Prof. Gidi Rechavi, Head of the Sheba Cancer Research Center and the Wohl Institute of Translational Medicine
Why Does This Matter for Your Health?
The practical implications are profound. If AI can reliably decode how genetic variation influences disease risk and treatment response, doctors could eventually sequence a patient's entire genome and use that information to prevent disease before it starts, choose the most effective medications with fewer side effects, and design therapies tailored to an individual's unique biology. This is the promise of precision medicine, and it has remained largely out of reach because the science simply wasn't advanced enough to interpret most of the genetic code .
"This collaboration is an important step toward a future where every person can benefit from the power of whole genome sequencing. By bringing advanced AI into genomic research, we're moving closer to making personalized, precision medicine a reality for all," explained Dr. Alexander Charney, Director of the Charles Bronfman Institute for Personalized Medicine at Mount Sinai.
Dr. Alexander Charney, Director of the Charles Bronfman Institute for Personalized Medicine at Mount Sinai
The partnership also signals a broader shift in how biotech research is being conducted. Rather than relying solely on traditional computational biology tools that require specialized programming knowledge, researchers are increasingly turning to AI systems that can work with natural language instructions and handle complex, multi-step analyses automatically. This democratizes genomic research, allowing biologists without deep coding expertise to ask sophisticated questions of their data .

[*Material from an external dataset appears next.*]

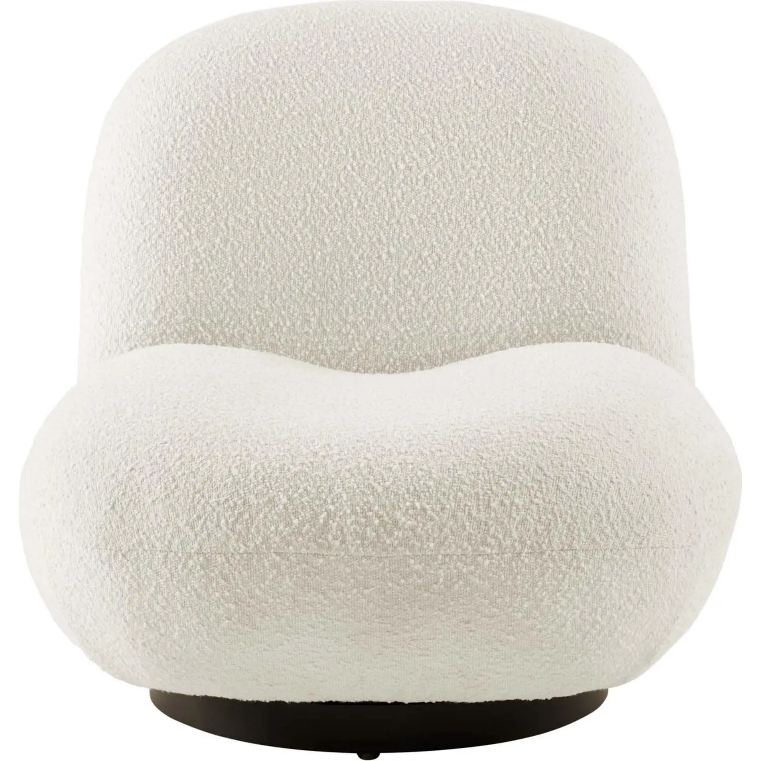 Modway Kindred Accent Swivel Chair in Ivory Boucle Fabric & Black Iron

How Can Researchers Access These AI Tools Today?
- Codex for Bioinformatics: OpenAI's Codex, an AI coding assistant integrated into ChatGPT, can help biologists write Python scripts for DNA sequence analysis, read counting, and pipeline development without requiring extensive programming experience. In educational settings, biology students have successfully used Codex to generate functional code for DNA manipulation tasks with 100% success rates .

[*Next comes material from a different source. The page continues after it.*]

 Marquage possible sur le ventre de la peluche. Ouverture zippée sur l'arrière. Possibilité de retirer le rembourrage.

- Cloud-Based Execution: Unlike earlier code-completion tools, Codex can actually run code in a secure sandbox environment, test it, debug errors, and propose corrections, making it a true collaborative partner rather than just a suggestion engine .
- Multi-File Project Management: Codex can navigate entire code repositories, make edits across multiple files, and manage complex bioinformatics pipelines, which is essential for handling the large-scale data analysis that genomics requires .
Codex, which launched as a research preview in May 2025, is now available through ChatGPT Plus, Pro, and Enterprise plans . The tool has demonstrated error rates around 30 to 50% per attempt, meaning it doesn't always get things right on the first try, but researchers can iteratively refine prompts and have the AI fix issues until the code works correctly. This is a significant improvement over static code-completion tools that simply suggest the next line of code without understanding whether it actually solves the problem .
The convergence of these two developments, AI-powered genomic analysis and AI-assisted coding, suggests that the next phase of biological discovery will be fundamentally different from the past. Scientists will spend less time wrestling with programming syntax and more time asking biological questions. The AI handles the computational grunt work, freeing researchers to focus on interpretation and validation. As these tools mature and more genomic data flows into AI systems trained to find patterns, the hidden 98% of the human genome may finally begin to reveal its secrets.